The act also requires DPUC to develop a low-interest loan program to finance the customer's share of the capital cost of the approved technologies. DPUC can provide these loans through a mechanism in existing law, under an agreement with the Connecticut Development Authority, or through an entity chosen by competitive bid. The financing agreements entered into with the Connecticut Development Authority cannot exceed $ 10 million dollars. Bond funds have not yet been allocated for this program.
Net Metering
Prior to this year, electric utilities and competitive suppliers had to give a bill credit to their customers in one- to four-dwelling unit properties who generated electricity using class I resources, such as solar or wind power. The act expands these provisions to cover all customers with generation capacity up to two megawatts. It provides for credits to customers who generate more power than they use in a given billing period, with annual reconciliation in which the customer is paid for any excess production at the avoided wholesale cost, and makes related changes.
Natural Gas Conservation Programs
By law, natural gas companies must develop annual conservation plans, but prior law did not provide a funding mechanism. The act requires that the plans be funded by the growth in the utilities gross receipts tax in each fiscal year over the amount contained in the revenue estimate in the adopted state budget for that year, subject to a $ 10 million per year cap. Under the act, the money goes into an ECMB account, which is used to reimburse gas companies for their conservation expenditures. By law, the gas conservation programs are subject to the same evaluation and approval processes as the current electric conservation programs, i. e. , programs must be cost-effective and reviewed by the ECMB.
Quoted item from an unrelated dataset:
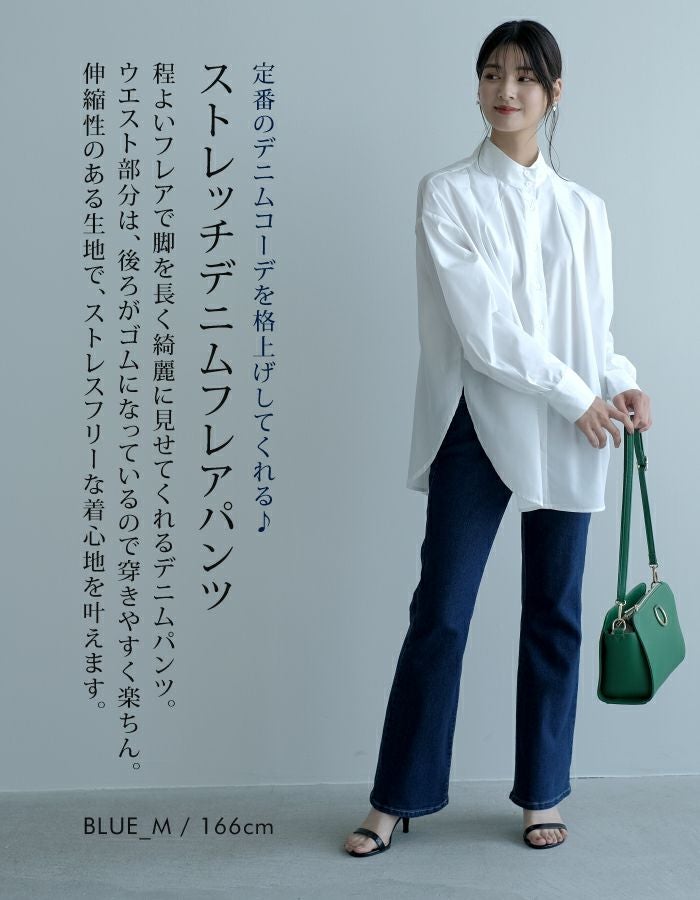 送料無料 ストレッチデニムフレアパンツ レディース M L LL 3L ≪ゆうメール便配送30・代引不可≫ | アクアガレージ aquagarage

Fuel Oil Conservation Programs
The act establishes a 13-member Fuel Oil Conservation Board, and requires it to choose an entity to administer oil conservation programs. By March 1, 2008, the program administrator must submit a comprehensive oil conservation plan for the rest of 2008 to the ECMB for its approval. In subsequent years, the administrator must submit a plan for the next calendar year by October 1 to ECMB and the Fuel Oil Conservation Board for their approval. The Fuel Oil Conservation Board must assist the administrator with plan development and implementation. The act imposes cost-effectiveness and other requirements on programs in the plan that parallel those in existing law for electric and natural gas conservation plans.
Under the act, funding for the oil conservation programs comes from the excess in revenue from the petroleum products gross receipts tax sales above the 2006 revenue, subject to a $ 10 million annual cap. (PA 07-1, June Special Session, reduced the limit to $ 5 million per year starting in FY 09. ) The Fuel Oil Conservation Board must authorize specific amounts from the account for grants, which must be awarded twice a year.